To Reproduce Steps to reproduce the behavior: Check out this branch: https://github.com/nerfstudio-project/nerfstudio/pull/3364 and data: https://drive.google.com/drive/folders/1LlWcbTCr2EO9g-VhNowhW1IRiMHbLzgZ?usp=sharing
Hardcode scene box values in nerfstudio/data/dataparsers/nerfstudio_dataparser.py
and visualize it here https://github.com/nerfstudio-project/nerfstudio/pull/3363
The tight box
scene_box = SceneBox(
aabb=torch.tensor(
[[-0.048, -0.447, -0.414], [0.064, 0.483, 0.324]], dtype=torch.float32
)
)
The big box
scene_box = SceneBox(
aabb=torch.tensor(
[[-0.096, -0.894, -0.828], [0.128, 0.966, 0.648]], dtype=torch.float32
)
)
Train instant-ngp with the following param
ns-train instant-ngp --output-dir /home/leh19/workspace/experiment/outputs/base_line --vis viewer+tensorboard --experiment-name painting_1 nerfstudio-data --data /home/leh19/test_run_1/JPG/painting_2/processed
main difference: disable the scene contraction and use orientation method = align
method_configs["instant-ngp"] = TrainerConfig(
method_name="instant-ngp",
steps_per_eval_batch=500,
steps_per_save=2000,
max_num_iterations=30000,
mixed_precision=True,
pipeline=DynamicBatchPipelineConfig(
datamanager=VanillaDataManagerConfig(
dataparser=NerfstudioDataParserConfig(load_3D_points=True, orientation_method="align"),
train_num_rays_per_batch=4096,
eval_num_rays_per_batch=4096,
),
model=InstantNGPModelConfig(eval_num_rays_per_chunk=8192, disable_scene_contraction=True),
),
optimizers={
"fields": {
"optimizer": AdamOptimizerConfig(lr=1e-2, eps=1e-15),
"scheduler": ExponentialDecaySchedulerConfig(lr_final=0.0001, max_steps=200000),
}
},
viewer=ViewerConfig(num_rays_per_chunk=1 << 12),
vis="viewer",
)
Expected behavior Whenever the tight region of interest is used, the model fails to predict any rgb at all, while with the not so tight (simply 2x) the model quickly converges.

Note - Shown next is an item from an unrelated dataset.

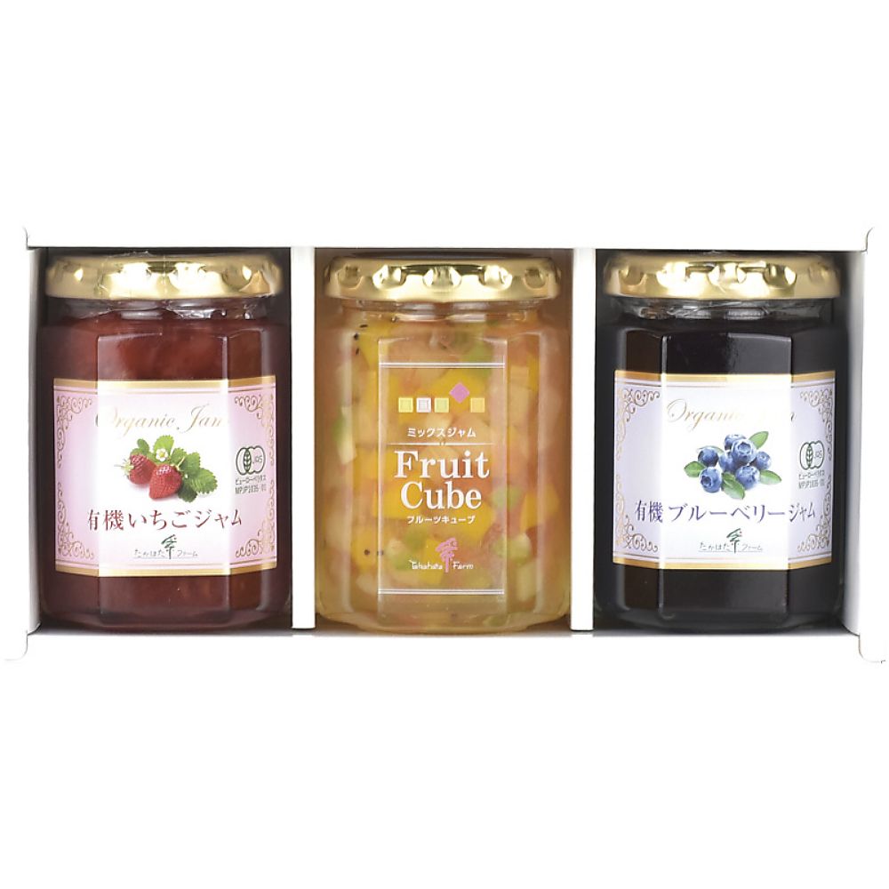- 商品内容:セット内容/ミックスジャム(フルーツキューブ)(155g)・オーガニックジャム(有機いちご・有機ブルーベリー)(各145g)×各1 箱サイズ/12×22×6cm 箱入重量/1kg 賞味期限/常温10ヶ月

Not able to predict any rgb
Predicting fine
I can clearly see the wasted space in viser
when use the not tight box.
See example render with "white floaters" around
https://github.com/user-attachments/assets/6f432305-2640-4fe6-a8d1-ed0da53dfd31
I would love some pointers on why this behaviour could happen? What am I missing here?